The trial data was downloaded by 73 different teams, of which 36 teams subsequently downloaded the training and test data. 21 teams participated officially in the final competition, of which two teams withdrew their systems from the published set of results.

Table 4 shows the performance of the final 19 teams. 5 teams submitted one run, 6 teams submitted two runs, and 8 teams submitted the maximum number of three runs. We rank the best-performing run for each team by micro-averaged F-score over the top-15 candidates. We also show system performance over reader-assigned keywords in Table 5, and over author-assigned keywords in Table 6. In all these tables, P, R and F denote precision, recall and F-score, respectively. The systems are ranked in the descending order of their F-score over the top-15 candidates.
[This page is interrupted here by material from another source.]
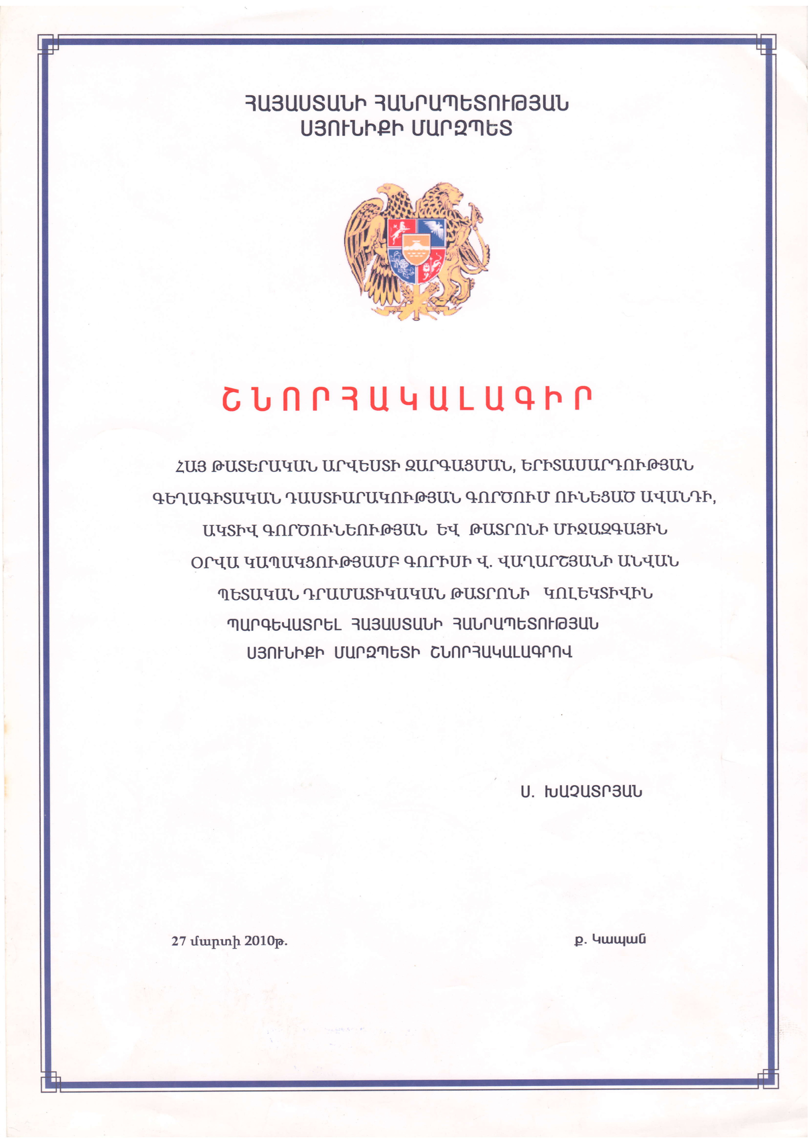 ՇՆՈՐՀԱԿԱԼԱԳՐԵՐ

Table 4 Performance of the submitted systems over the combined author- and reader-assigned keywords, ranked by Top-15 F-score
Table 5 Performance of the submitted systems over the reader-assigned keywords, ranked by Top-15 F-score
Table 6 Performance of the submitted systems over the author-assigned keywords, ranked by Top-15 F-score

The best results over the reader-assigned and combined keyphrase sets are 23.5 and 27.5 %, respectively, achieved by the HUMB team. Most systems outperformed the baselines. Systems generally scored better against the combined set, as the availability of a larger gold-standard answer set means that more correct cases could be found among the top-5, 10 and 15 keyphrases, which lead to a better balance between precision and recall scores, resulting in a higher F-score.

In Tables 7 and 8, we present system rankings across the four ACM document classifications, ranked in order of top-15 F-score. The numbers in parentheses are the actual F-scores for each team. Note that in the case of a tie in F-score, we sub-ranked the teams in descending order of F-score over the full dataset.
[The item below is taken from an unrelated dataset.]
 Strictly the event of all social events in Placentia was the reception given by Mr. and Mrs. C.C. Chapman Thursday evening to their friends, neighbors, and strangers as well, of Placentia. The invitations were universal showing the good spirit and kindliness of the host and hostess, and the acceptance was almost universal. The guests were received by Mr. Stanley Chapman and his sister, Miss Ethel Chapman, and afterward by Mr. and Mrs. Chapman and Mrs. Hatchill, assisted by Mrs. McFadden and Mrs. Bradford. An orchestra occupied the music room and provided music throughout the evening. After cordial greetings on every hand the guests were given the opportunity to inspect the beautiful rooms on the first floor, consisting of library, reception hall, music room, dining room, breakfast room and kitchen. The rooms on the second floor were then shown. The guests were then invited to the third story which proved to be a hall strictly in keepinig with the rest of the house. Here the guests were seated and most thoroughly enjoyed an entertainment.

Table 7 System ranking (and F-score) for each ACM classification: combined keywords
Table 8 System ranking (and F-score) for each ACM classification: reader-assigned keywords

6 A summary of the submitted systems

The following is an overview of the systems which participated in the task, ranked according to their position in the overall system ranking. They are additionally labelled as being supervised or unsupervised, based on whether they made use of the keyphrase-labelled training data. Systems which did not have an accompanying description paper are omitted.

  • HUMB (Supervised): Candidates are generated based on n-grams (n = 1 to 5), after removing terms with stop words and mathematical symbols. Ranking is implemented using a bagged decision tree over several features, including document structure (e.g. section and position), content (e.g. score of 2-to-5-grams using Generalized Dice Coefficient and TF × IDF), lexical/semantic scores from large term-bases (e.g. the GRISP terminological database and Wikipedia). To further improve the candidate ranking, candidates are re-ranked using a probabilistic model trained over author-assigned keyphrases in an independent collection (Lopez and Romary 2010).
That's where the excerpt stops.